El forastero tendió aquella mano temblorosa que hacía el trabajo de dos.

—A ti te toca decidir, amigo —añadió con voz rasposa—. ¿Vas a atender a los deseos de tu parroquia o sigues decidido a echarme?

Horace hizo una mueca.

—En una noche como ésta, yo no echo a la calle ni a un perro rabioso. Pero sí que me gustaría que te callaras de una vez, compadre. Además de mentir, estás consiguiendo que a mis parroquianos les esté entrando una expresión antinatural y soñadora, y no me gusta que la clientela se duerma en mi establecimiento.

Las palabras de Horace sólo consiguieron originar nuevas protestas, que el tabernero intentó sofocar sin éxito.

—Muy bien. Le dejaré hablar. Pero escuchadme bien: este hombre se ha hecho con vuestras almas. Os ha estado echando algún tipo de conjuro mágico fascinador a través de sus palabras. Lo que soy yo, no pienso seguir escuchándolo.

El forastero asintió con su cabeza encapuchada y todavía húmeda. Horace se marchó a la cocina, donde pareció seguir mirándolo con desconfianza mientras el extraño proseguía con su historia.

—Aunque la lengua viperina de lord Ferris aquella mañana se había visto achantada en presencia del rey, los nobles y los niños, sus manos estaban prestas a entrar en acción aquella noche, cuando se dirigía sigilosamente a la habitación de sir Paramore.

Pero otro ser de la noche, el fantasma del pobre Jeremy, se interpuso en los planes siniestros de Ferris. Al advertir que el mal entraba en acción, el fantasma de Jeremy se dirigió a montar una espectral guardia en las escaleras que llevaban al cuarto de Paramore. Cuando vio que lord Ferris llegaba en silencio al pie de la escalera, Jeremy voló a advertir a su antigua amiga del alma, la pequeña Petra, que en aquel momento estaba durmiendo en su cama...

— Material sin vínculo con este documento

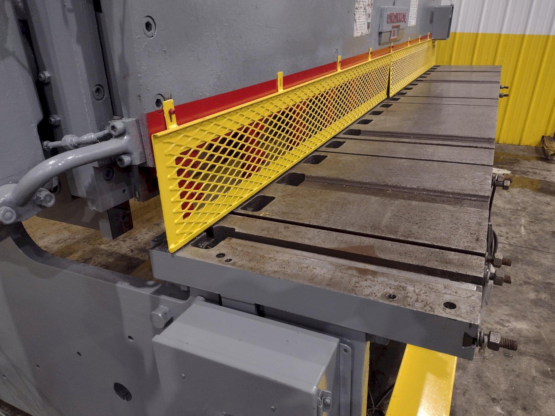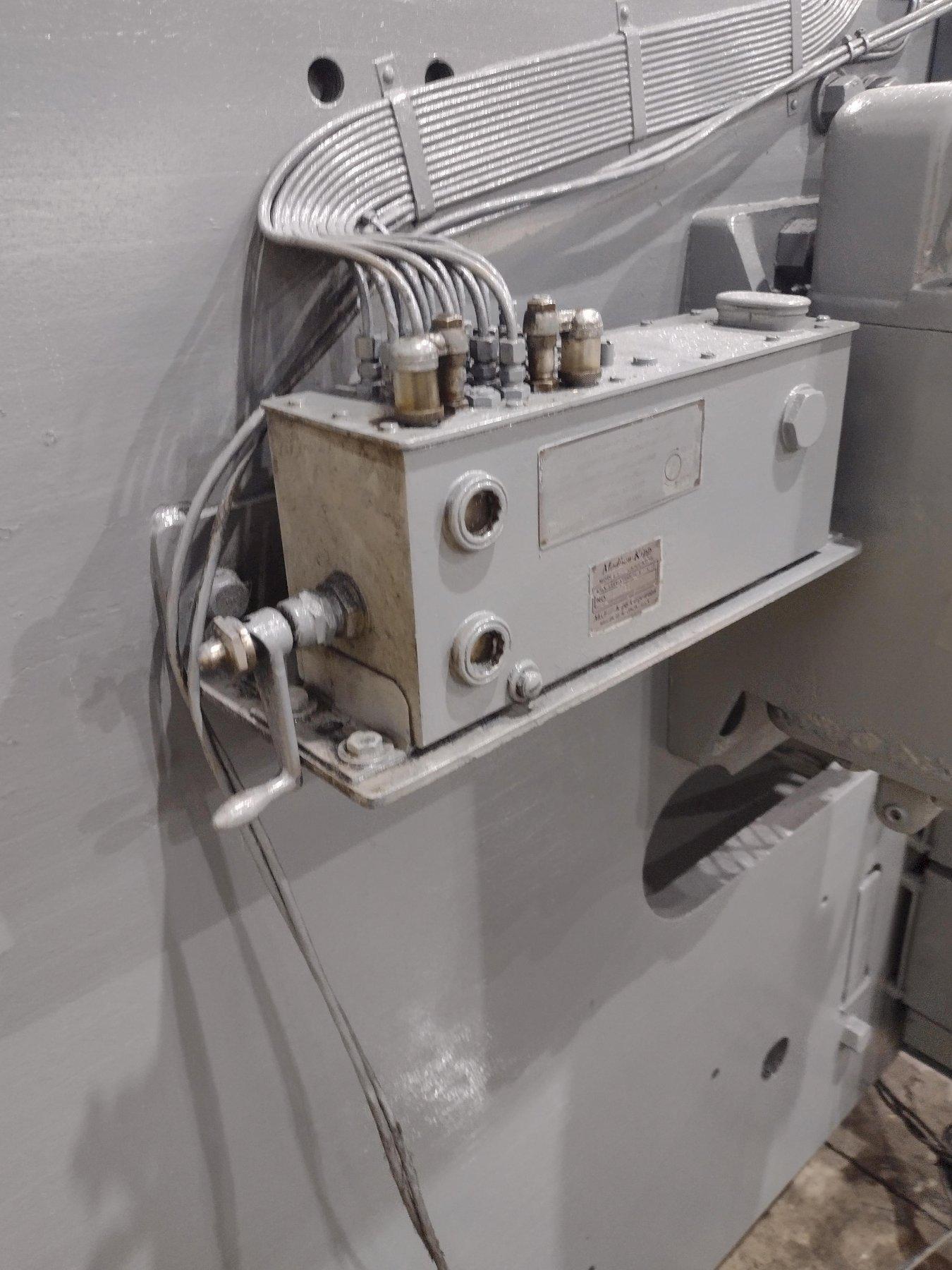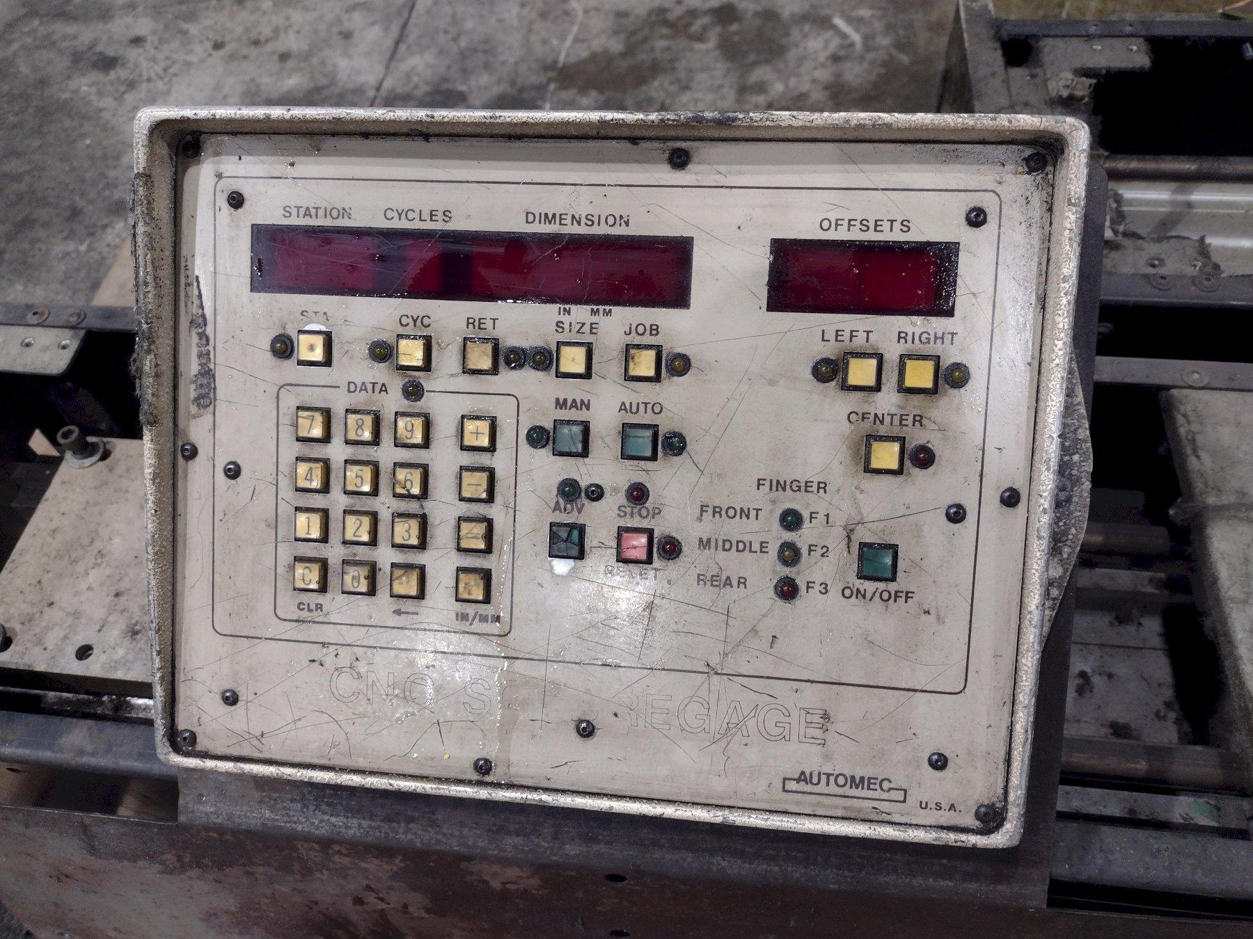 SERIAL ............................ 33899MODEL ............................. 1812CAPACITY .......................... 12' X 1/4"DISTANCE BETWEEN HOUSINGS ......... 12'3"STROKES PER MINUTE ................ 60FRONT OPERATED POWER BACK GAUGE ... 36"DEPTH OF GAP ...................... 18"NUMBER OF HOLD DOWNS .............. 13TOTAL HOLD DOWN FORCE ............. 9 TONSSQUARING ARM ...................... 12'FRONT ARM SUPPORT ................. 3CENTRAL LUBRICATION ............... YESMOTOR ............................. 15 HORSEPOWER

Petra era una niña de cabellos castaños, la líder natural del grupo de pequeños miembros de la nobleza. Jeremy la encontró dormida en una de las habitaciones del castillo, pues el rey Caen había invitado a los niños y sus padres a pasar la noche allí. El pobre Jeremy contempló con sus tristes ojos de espectro el cuerpo dormido de Petra, los mismos ojos tristes que poco tiempo atrás contemplaran su propio cuerpo decapitado y sin vida.

—Despierta, Petra, despierta... Sir Paramore, nuestro salvador, se encuentra en un apuro muy serio —susurró el pequeño fantasma.

Y Petra despertó. Al ver a su amigo desaparecido, el corazón le dio un vuelco. A diferencia de los fantasmas de mayor envergadura, cuyo cuerpo solía aparecerse en una envoltura diáfana al tiempo que imprecisa, el pobre Jeremy no tenía cuerpo alguno. Jeremy ahora no era más que una cabeza solitaria que flotaba al pie de la cama de la niña, una cabeza de cuyo cuello seguían manando gotas de la roja vida que antaño fluyera a borbotones. Tan grotesco y horrísono era el efecto que Petra, niña de carácter animoso, fue incapaz de dedicar una palabra de saludo a su compañero muerto.